Jean nodded her head. She was putting up currants and raspberries, and the day was very warm.
“Why do you keep a fire going in the house?” Miss Craig asked her. “Put an old wood stove out in the back yard, the way I do, and let it sizzle along. Goodbye, everybody.”
“Come down and play tennis with us,” called Doris.
“Go ’long, child.” Becky chuckled. “How would I look hopping around, slapping at those little balls! Come on, Ella Lou.”
“Golly,” Kit exclaimed as the car drove away, “it seems as if every single day something new happens here, and we thought it would be so dull we wouldn’t know what to do with ourselves.”
“You mean Billie’s something new?” asked Doris.
“Doesn’t he sound interesting? I’m going out to ask Buzzy about him.”
“You’d better help me finish these berries, Kathleen,” Jean urged. So Kit gave up the quest temporarily and sat on the edge of the kitchen table, stripping currants from their stems, and singing at the top of her lungs.
“Oh, Kit, do stop,” begged Jean. “It’s too hot to sing.”
Kit looked out at the widespread view of Woodhow, rich with uncut grass billowing with every vagrant breeze like distant waves. It was hot in the kitchen, hot and close. Suddenly Kit fled out the back door and over to the pasture where Princess rambled.
“Kit’s fretful, isn’t she?”
“She thinks she’s getting into a rut,” answered Jean. “We all do. Some days I get so homesick for the kids back home and everything that we haven’t got here—the library and the art museum and the movies and the symphony concerts. I think we ought to write down and ask some of the girls to come up.”
“I don’t. Not until Dad’s well.”
Tommy was out of hearing. Jean looked over at Doris, who in some ways always seemed nearer her own age than Kit.
“Doris, honest and truly, do you think Dad’s getting any better?” she asked in a low voice.
Doris hesitated, her face showing plainly how she dreaded acknowledging even to herself the possibility of his not improving.
“He eats better now, and he can sit up.”
“But he looks awful. I get goose pimples when I look at him sometimes. His eyes look as if they were gazing away off at some land we couldn’t see.”
“Jean Craig, how can you say that?”
“Hush, don’t let Mother hear,” cautioned Jean anxiously. “I had to tell somebody. I think of it all the time.”
“Well, don’t think of it. That’s like sticking pins in a wax statue back in the Middle Ages, and saying, ‘He’s going to die, he’s going to die,’ all the time. He’s getting better.”
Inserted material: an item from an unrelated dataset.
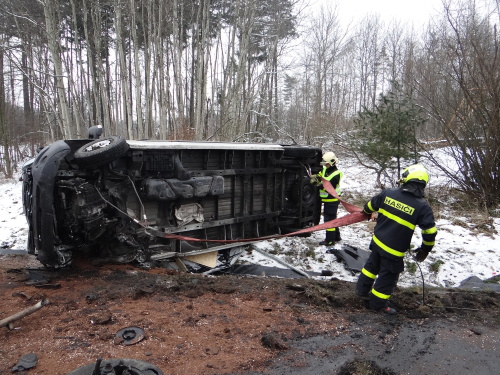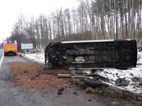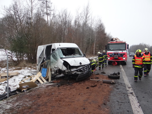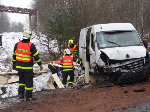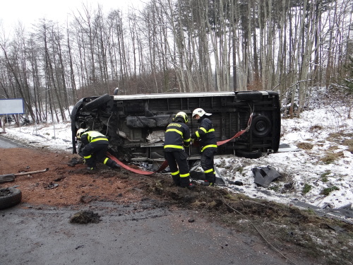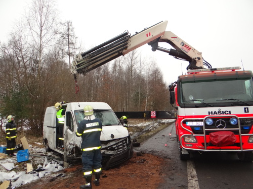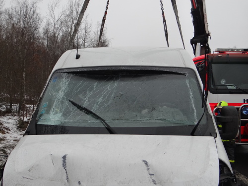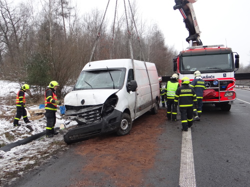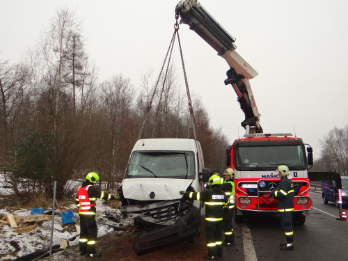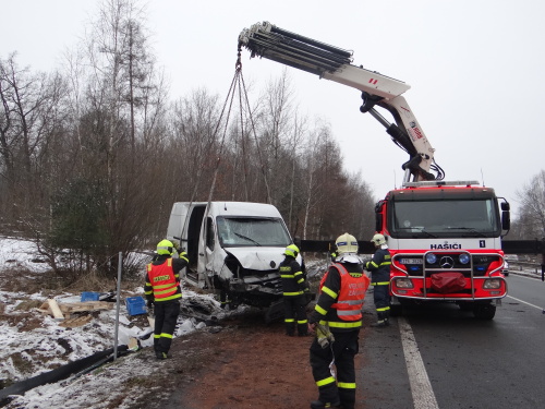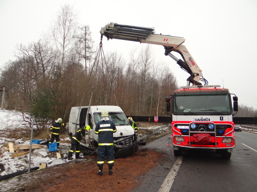 Čtyři jednotky hasičů zasahovaly v úterý 23.1.2018 na dálnici D56 u Paskova ve směru na Frýdek-Místek u nehody polského dodávkového automobilu Peugeot Boxer, který skončil na boku v příkopu mimo silnici a poškodil dálniční oplocení. Hasiči opatrně vyprostili zraněného a zaklíněného řidiče a pak pomocí Bizona i havarovanou dodávku.

Jean was silent. She felt worried, but if Doris refused to listen to her, there was nobody left except Becky. Somehow, at every emergency Becky seemed to be the one hope these days, unfailing and unfearing. Dauntless and cheerful, she rode over every obstacle.
But when Jean found an opportunity of speaking to her of her father, Rebecca’s face looked oddly passive.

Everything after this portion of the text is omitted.